— Task prompt —
From the first line to the last, return the data exactly as written.

— Provided material —
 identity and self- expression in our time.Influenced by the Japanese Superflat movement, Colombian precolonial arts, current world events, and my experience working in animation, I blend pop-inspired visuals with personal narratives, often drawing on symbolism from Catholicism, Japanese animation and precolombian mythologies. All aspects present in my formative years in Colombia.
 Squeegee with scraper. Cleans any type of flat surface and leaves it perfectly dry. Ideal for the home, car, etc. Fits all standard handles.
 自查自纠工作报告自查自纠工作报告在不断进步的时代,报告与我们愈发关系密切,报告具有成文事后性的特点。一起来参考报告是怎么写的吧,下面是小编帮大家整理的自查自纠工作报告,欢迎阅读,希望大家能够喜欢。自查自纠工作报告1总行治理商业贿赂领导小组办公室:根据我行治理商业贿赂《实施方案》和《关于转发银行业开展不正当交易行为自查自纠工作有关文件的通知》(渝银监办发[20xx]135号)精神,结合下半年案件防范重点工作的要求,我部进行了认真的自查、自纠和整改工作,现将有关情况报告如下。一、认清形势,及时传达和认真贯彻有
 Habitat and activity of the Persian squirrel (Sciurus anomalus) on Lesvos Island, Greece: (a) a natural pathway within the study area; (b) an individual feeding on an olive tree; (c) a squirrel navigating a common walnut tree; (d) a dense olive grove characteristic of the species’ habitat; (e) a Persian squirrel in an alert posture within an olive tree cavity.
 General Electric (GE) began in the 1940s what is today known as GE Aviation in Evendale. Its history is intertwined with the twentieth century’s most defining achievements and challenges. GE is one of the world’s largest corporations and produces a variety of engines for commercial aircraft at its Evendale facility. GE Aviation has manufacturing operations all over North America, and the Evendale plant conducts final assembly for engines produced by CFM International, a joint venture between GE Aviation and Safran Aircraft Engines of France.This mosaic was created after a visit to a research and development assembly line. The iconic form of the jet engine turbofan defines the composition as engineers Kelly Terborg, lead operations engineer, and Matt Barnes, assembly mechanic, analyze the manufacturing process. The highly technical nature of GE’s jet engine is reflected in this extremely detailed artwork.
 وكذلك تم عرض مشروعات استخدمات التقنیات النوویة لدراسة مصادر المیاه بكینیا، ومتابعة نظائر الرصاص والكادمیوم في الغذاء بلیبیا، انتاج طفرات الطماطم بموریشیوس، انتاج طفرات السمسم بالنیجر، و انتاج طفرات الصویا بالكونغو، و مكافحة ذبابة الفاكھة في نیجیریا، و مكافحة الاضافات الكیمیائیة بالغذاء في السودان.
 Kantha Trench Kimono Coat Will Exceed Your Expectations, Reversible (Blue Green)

— Answer box —
 identity and self- expression in our time.Influenced by the Japanese Superflat movement, Colombian precolonial arts, current world events, and my experience working in animation, I blend pop-inspired visuals with personal narratives, often drawing on symbolism from Catholicism, Japanese animation and precolombian mythologies. All aspects present in my formative years in Colombia.
 Squeegee with scraper. Cleans any type of flat surface and leaves it perfectly dry. Ideal for the home, car, etc. Fits all standard handles.
 自查自纠工作报告自查自纠工作报告在不断进步的时代,报告与我们愈发关系密切,报告具有成文事后性的特点。一起来参考报告是怎么写的吧,下面是小编帮大家整理的自查自纠工作报告,欢迎阅读,希望大家能够喜欢。自查自纠工作报告1总行治理商业贿赂领导小组办公室:根据我行治理商业贿赂《实施方案》和《关于转发银行业开展不正当交易行为自查自纠工作有关文件的通知》(渝银监办发[20xx]135号)精神,结合下半年案件防范重点工作的要求,我部进行了认真的自查、自纠和整改工作,现将有关情况报告如下。一、认清形势,及时传达和认真贯彻有
 Habitat and activity of the Persian squirrel (Sciurus anomalus) on Lesvos Island, Greece: (a) a natural pathway within the study area; (b) an individual feeding on an olive tree; (c) a squirrel navigating a common walnut tree; (d) a dense olive grove characteristic of the species’ habitat; (e) a Persian squirrel in an alert posture within an olive tree cavity.
 General Electric (GE) began in the 1940s what is today known as GE Aviation in Evendale. Its history is intertwined with the twentieth century’s most defining achievements and challenges. GE is one of the world’s largest corporations and produces a variety of engines for commercial aircraft at its Evendale facility. GE Aviation has manufacturing operations all over North America, and the Evendale plant conducts final assembly for engines produced by CFM International, a joint venture between GE Aviation and Safran Aircraft Engines of France.This mosaic was created after a visit to a research and development assembly line. The iconic form of the jet engine turbofan defines the composition as engineers Kelly Terborg, lead operations engineer, and Matt Barnes, assembly mechanic, analyze the manufacturing process. The highly technical nature of GE’s jet engine is reflected in this extremely detailed artwork.
 وكذلك تم عرض مشروعات استخدمات التقنیات النوویة لدراسة مصادر المیاه بكینیا، ومتابعة نظائر الرصاص والكادمیوم في الغذاء بلیبیا، انتاج طفرات الطماطم بموریشیوس، انتاج طفرات السمسم بالنیجر، و انتاج طفرات الصویا بالكونغو، و مكافحة ذبابة الفاكھة في نیجیریا، و مكافحة الاضافات الكیمیائیة بالغذاء في السودان.
 Kantha Trench Kimono Coat Will Exceed Your Expectations, Reversible (Blue Green)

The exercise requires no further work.